======== Given records

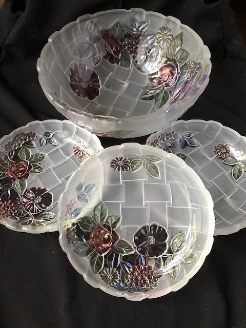 - 昭和 ガラスボール パンチボール デザート フルーツ 小皿 サラダ ガラス細工 ガラス 皿 花 おしゃれ 4個セット レトロ
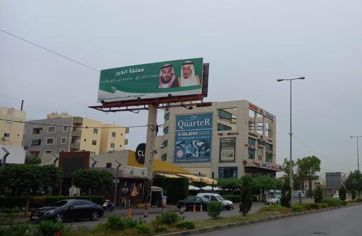 قطريب وحموضة يرفعان الصور العملاقة للملك سلمان وولي العهد محمد بن سلمان في طرابلس
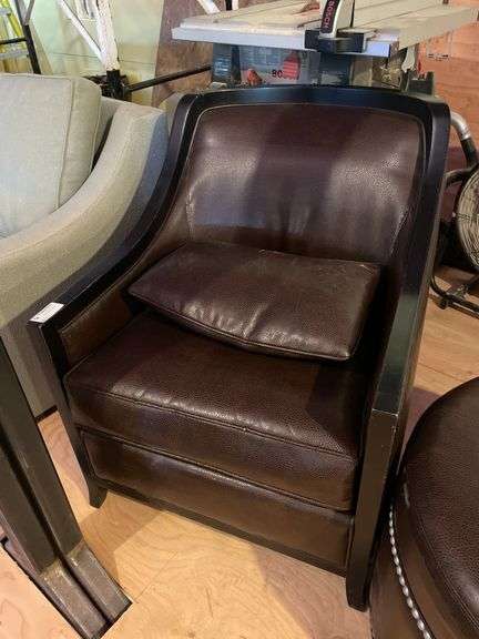 LOT 40 - 'LEATHER' & WOOD SITTING CHAIR W/ PILLOW
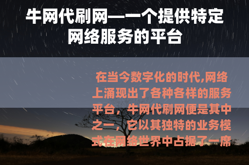 在当今数字化的时代,网络上涌现出了各种各样的服务平台,牛网代刷网便是其中之一,它以其独特的业务模式在网络世界中占据了一席之地。
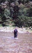 Ponownie nad rzeką znajduję się nieco poniżej ośrodka energetycznego, (dom przy skale nad rzeką). Skawica rwie tam tylko po skalnych płytach i ma kilka głębokich dziur. Rójka niesamowita. Po prostu rzeka jest gęsta od jętek. Widać także pojedyncze, jasne chruściki. Na jednej płani widzę wyjście,. Zmieniam na suchą, podaję i mam pięknie wybarwionego potokowca z tej rzeki. Pstrąg jest niewielki, ledwie 28 cm, ale za to bardzo gruby, silny i pięknie wybarwiony. Wypuszczam go i niżej udaje mi się złowić jeszcze kilka, ale ich wielkość do znacznych nie należy. Niżej spotykam dwóch kłusoli. Łowią jawnie na robaka, a na brzegu mają "ochronę"...
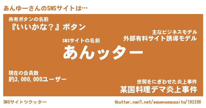 | 意味不明あだ名 | 『ペロリンあんゆー』『永久保存あんゆー』 |
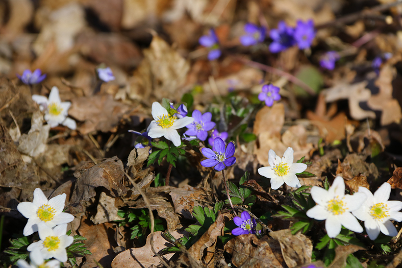 Vitsippor och blåsippor har varit rätt samspelta i år. Annars brukar de flesta blåsipporna ha blommat över när vitsipporna är i gång.
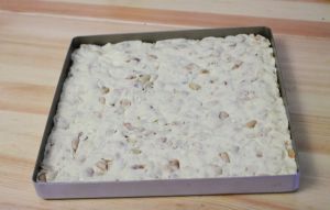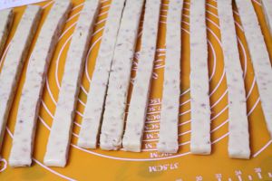 等彻底凉透后,盖上保鲜膜放置一晚,将做好的糖片倒扣在案板上,用刀切成1cm宽左右的长条
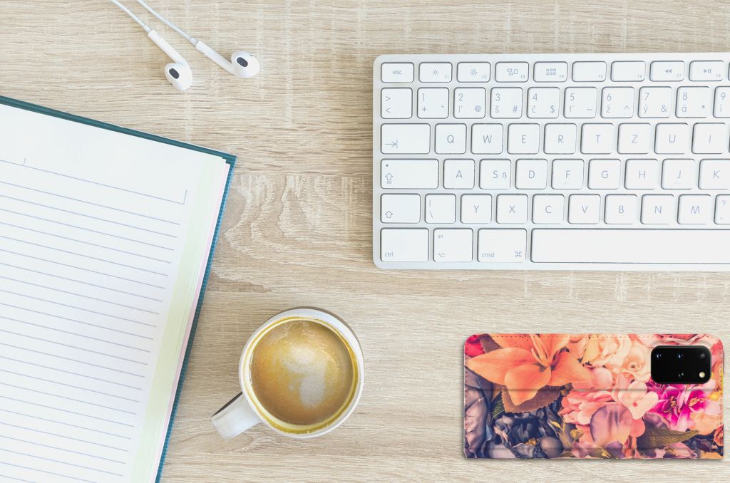 Dit Bosje Bloemen doet een mens en zijn smartphone goed. De oranje, paarse en roze bloemen op deze Samsung Galaxy S20 Plus Smart Cover geven jouw smartphone een zeer sierlijke uitstraling. Je wordt er ook meteen vrolijker van als je aan het appen, mailen of aan het bellen bent. Valt dan je telefoon op de grond, dan zal er dankzij de stand case met oranje, paarse en roze bloemen geen schade ontstaan. Onze stand cases met oranje, paarse en roze bloemen bieden de allerbeste bescherming en zijn heel praktisch, wat blijkt uit onder meer het vakje aan de binnenkant en de handige standaard waarmee je de smartphone rechtop op tafel neer kunt zetten. De oranje, paarse en roze bloemen passen goed op alle zijden van de case. Op deze stand case van leer en TPU (houder aan de binnenkant) is het ook mogelijk je eigen ontwerp te zetten. In no time maak je zelf een stand case met daarop foto’s van jouw favoriete bloemen.
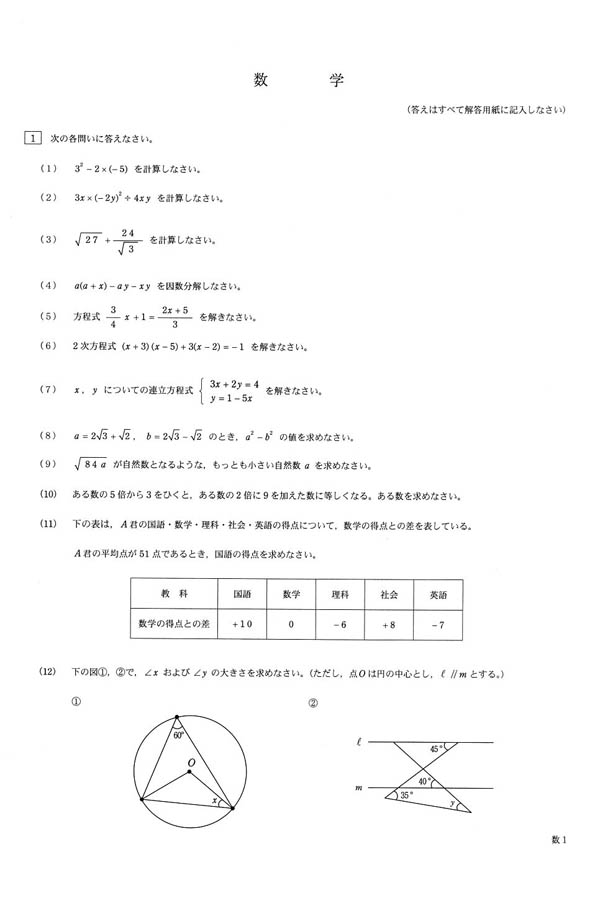 ■平成27年度入試過去問題(数学 問題)

================

* Work item
With every picture omitted, write out the material exactly from its first line through the line containing "在当今数字化的时代,网络上涌".

* Response area
 - 昭和 ガラスボール パンチボール デザート フルーツ 小皿 サラダ ガラス細工 ガラス 皿 花 おしゃれ 4個セット レトロ
 قطريب وحموضة يرفعان الصور العملاقة للملك سلمان وولي العهد محمد بن سلمان في طرابلس
 LOT 40 - 'LEATHER' & WOOD SITTING CHAIR W/ PILLOW
 在当今数字化的时代,网络上涌现出了各种各样的服务平台,牛网代刷网便是其中之一,它以其独特的业务模式在网络世界中占据了一席之地。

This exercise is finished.